I have the feeling that I should not care about thread safe accessing / writing to an
public static int MyVar = 12;
in ASP .NET.
I read/write to this variable from various user threads. Let's suppose this variable will store the numbers of clicks on a certain button/link.
My theory is that no thread can read/write to this variable at the same time. It's just a simple variable of 4 bytes.
I do care about thread safe, but only for refference objects and List instances or other types that take more cycles to read/update.
I am wrong with my presumption ?
EDIT
I understand this depend of my scenario, but wasn't that the point of the question. The question is: it is right that can be written thread safe code with an (static int) variable without using lock keyword ?
It is my problem to write correct code. The answer seems to be: Yes, if you write correct and simple code, and not to much complicated, you can create thread safe functions without the need of lock keyword.
If one thread simply sets the value and another thread reads the value, then a lock is not necessary; the read and write are atomic. But if multiple threads might be updating it and are also reading it to do the update (e.g., increment), then you definitely do need some kind of synchronization. If only one thread is ever going to update it even for an increment, then I would argue that no synchronization is necessary.
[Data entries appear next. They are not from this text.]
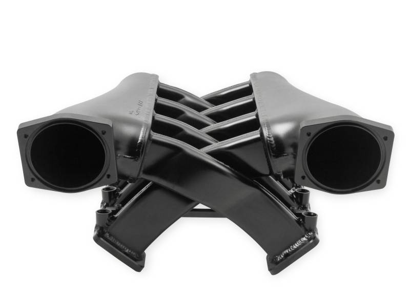 Holley continues to push the envelope of intake design with its latest offering. The unique look of this intake will surely stand out from the crowd!\nOur latest release of fabricated "Dual Plenum" intake manifolds for GM LS1/2/6 and LS3/L92 engines. This unique design of utilizing two plenums solves two common problems experienced with many intakes increased airflow and even dispersion of air to intake ports.\nThe use of one tapered plenum to accommodate one bank of cylinders accomplishes both problems. The entire volume of incoming air is distributed to only four cylinders and the tapered shape of the plenum help increased air velocity directed to each of the intake runner ports.\nOur dual plenum design features extremely long 12-3/4" runners to develop low-end torque making this intake an ideal "street" intake.\nThese intake are finished in our familiar silver and black anodized finishes for durability and good looks. Our 3/8" fuel rail kit include a laser engrave Sniper logo and are capable of supporting 750+ horsepower.
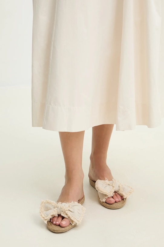Эти шлёпанцы из коллекции Answear.LAB изготовлены из текстиля. Эти лёгкие и удобные слипоны идеально подойдут для повседневной носки. - Модель на плоской подошве. - Резиновая подошва прочная и устойчивая к повреждениям. - Текстильная внутренняя часть комфортна для ног и облегчает содержание обуви в чистоте. - Длина вставки: 25 см. - Размеры указаны для размера: 39.
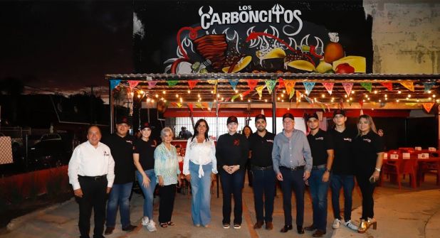 La presidenta municipal Carmen Lilia junto al secretario de Desarrollo Económico, Rolando Guevara y la regidora Macarena González estuvieron presentes en la inauguración del negocio “Los Carboncitos” que forma parte de la lista de negocios que han abierto en las últimas semanas.
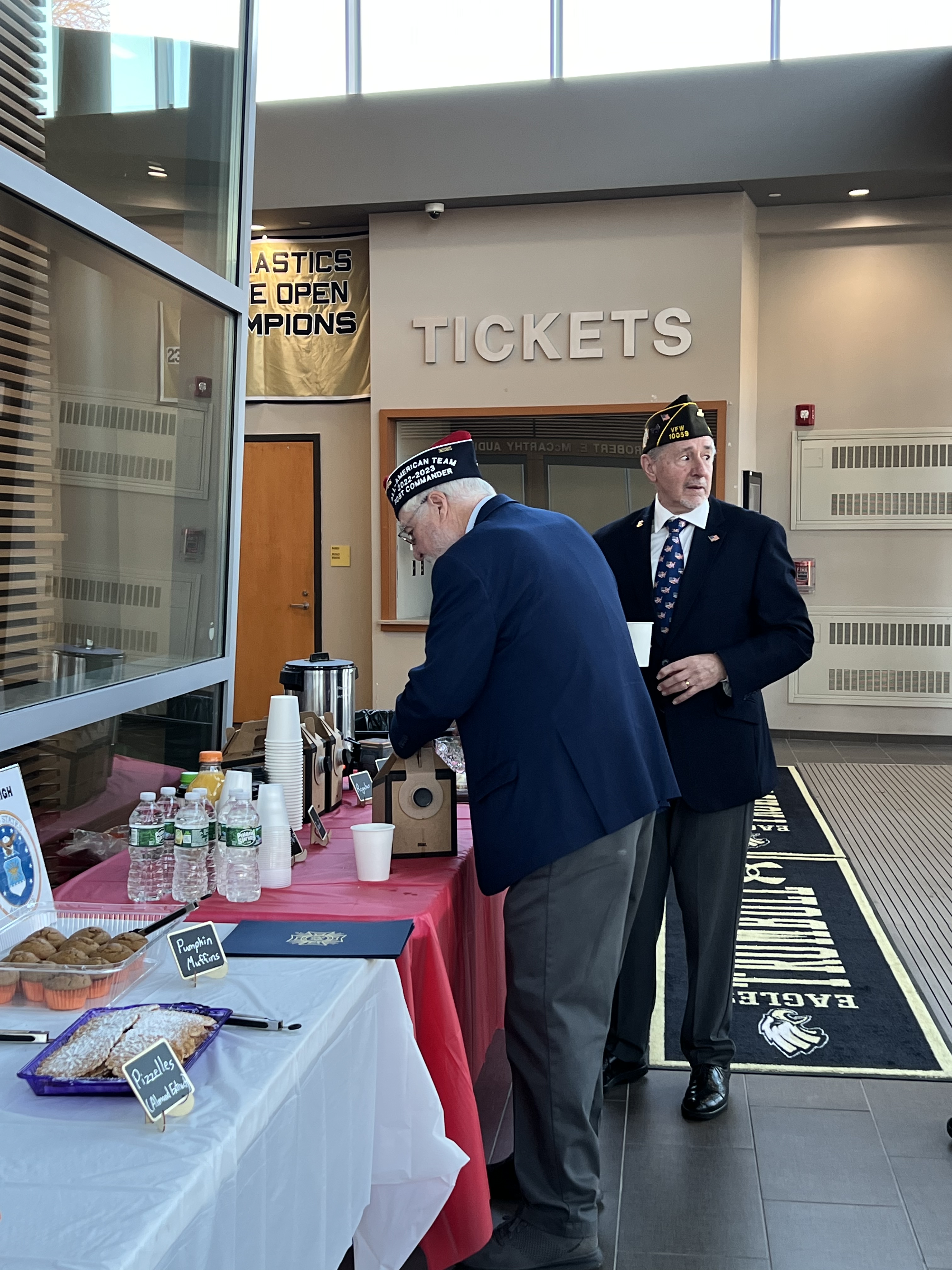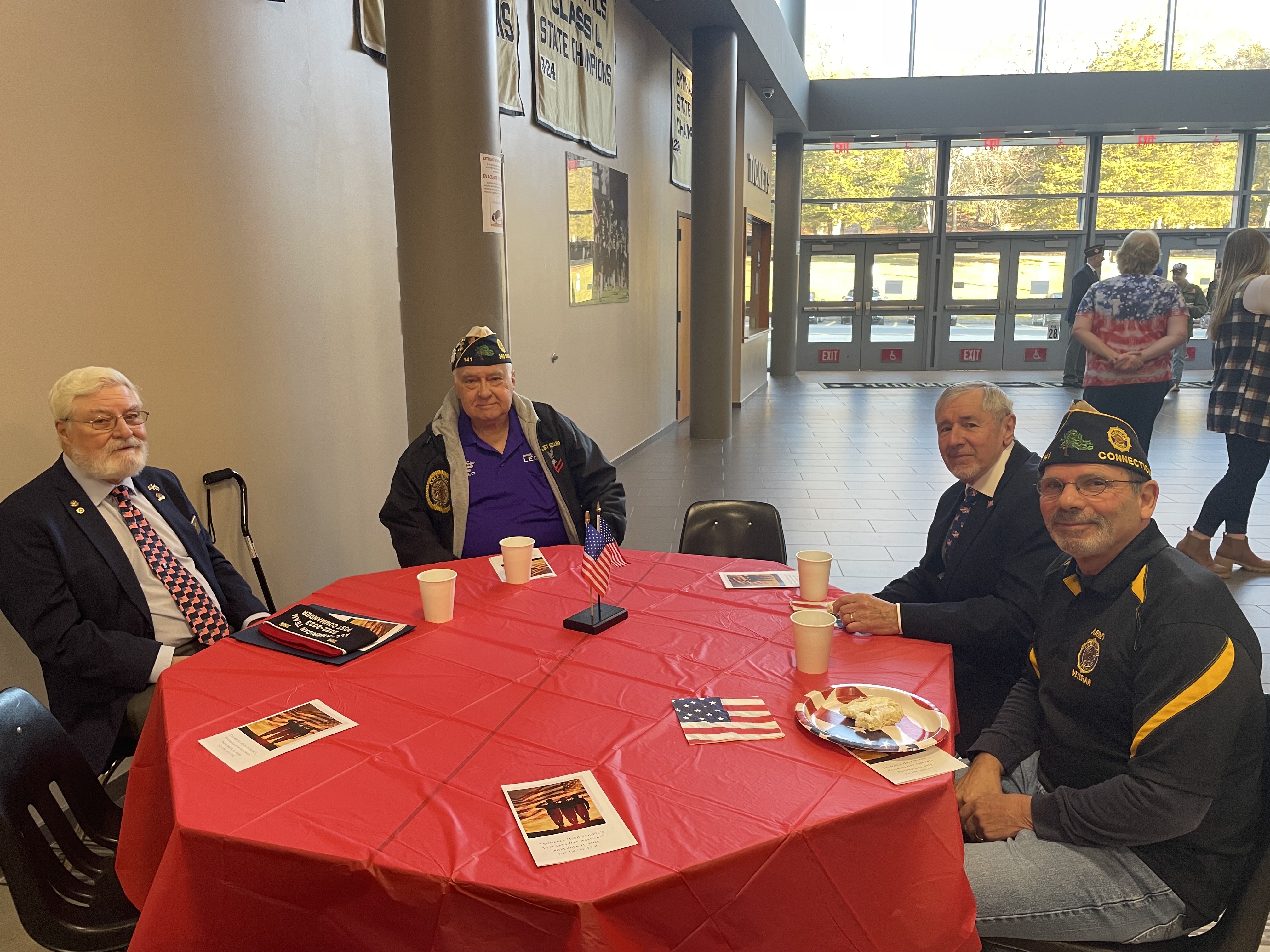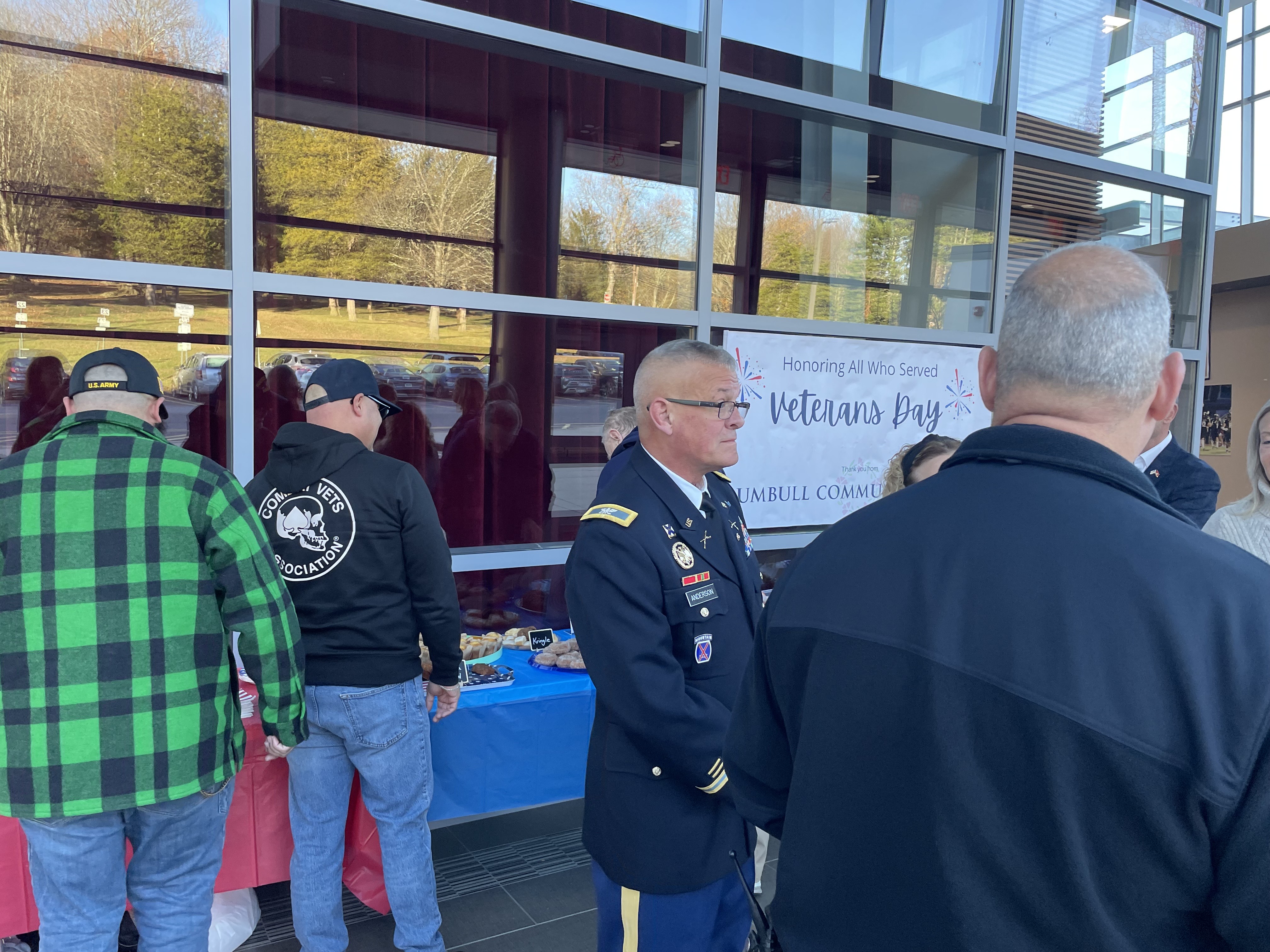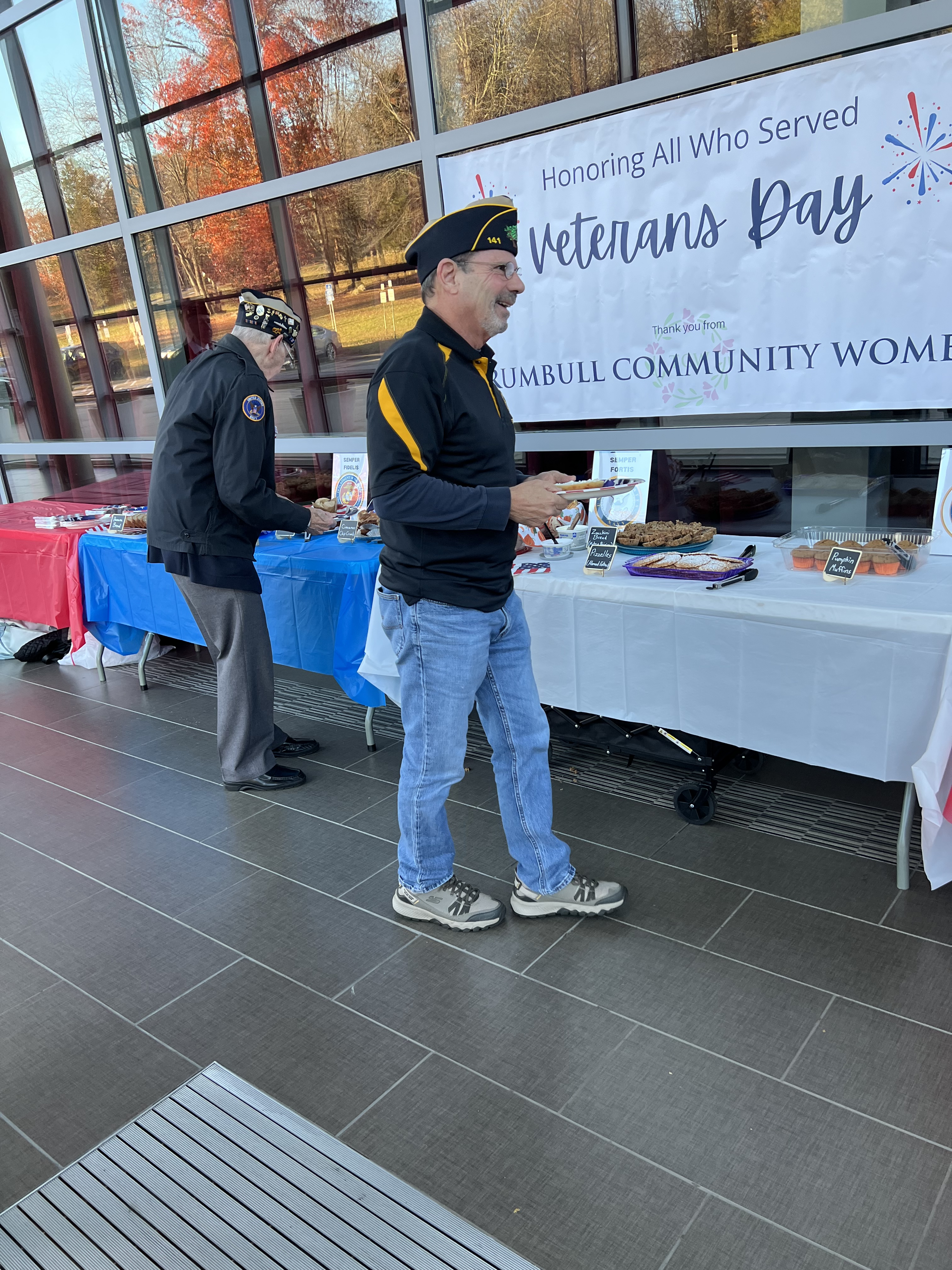 On November 11th, the Trumbull Community Women once again hosted a heartfelt breakfast buffet for local veterans before the Veterans Day assembly at Trumbull High School. A number of club members contributed by baking a variety of delicious pastries for the event, ensuring there was enough to also share with the Trumbull Police Department, Trumbull EMS and Library Staff. This annual tradition continues to be a rewarding experience, as it brings the community together to honor and show appreciation for those who have served.

Edit (three years later) It might also be desirable to add the volatile keyword to the declaration to ensure that reads of the value always get the latest value (assuming that matters in the application).
The concept of thread 'safety' is too vague to be meaningful unfortunately. If you're asking whether you can read and write to it from multiple threads without the program crashing during the operation, the answer is almost certainly yes. If you're also asking if the variable is guaranteed to either be the old value or the new value without ever storing any broken intermediate values, the answer for this data type is again almost certainly yes.
But if your question is "will my program work correctly if I access this from multiple threads", then the answer depends entirely on what your program is doing. For example, if you run the following pseudo code in 2 threads repeatedly in most programming languages, eventually you'll hit the assertion.
if MyVar >= 1:
MyVar = MyVar - 1
assert MyVar >= 0
Primitives like int are thread-safe in the sense that reads/writes are atomic. But as with most any type, it's left to you to do proper checking with more complex operations. For example, if (x > 0) x--; would be problematic in a multi-threaded scenario because x might change in between the if condition check and decrement.
A simple read or write on a field of 32 bits or less is always atomic. But you should provide your read/write code to make sure that it is thread safe.
Check out this post: http://msdn.microsoft.com/en-us/magazine/cc163929.aspx
It explains why you need to synchronize access to the integers in this scenario
Try Interlocked.Increment() or Interlocked.Add() and you'll be right. Your code complexity will be the same but you truly won't have to worry. If you're not worried about losing a few clicks in your counter, you can continue as you are.
Reading or writing integers is atomic. However, reading and then writing is not atomic. So, if you have one thread that writes and many that read, you may be able to get away without locks.
However, even though the operations are atomic, there are still potential multi-threading issues. In order for one thread to be guaranteed that another thread can see values it writes, you need a memory barrier. Otherwise, the compiler can optimize the code so that the variable stays in a register (or even optimize the operation away completely), so changes would be invisible from one thread to another.
You can establish a memory barrier explicitly (volatile or Thread.MemoryBarrier), or with the Interlocked class -- or with the lock statement (Monitor).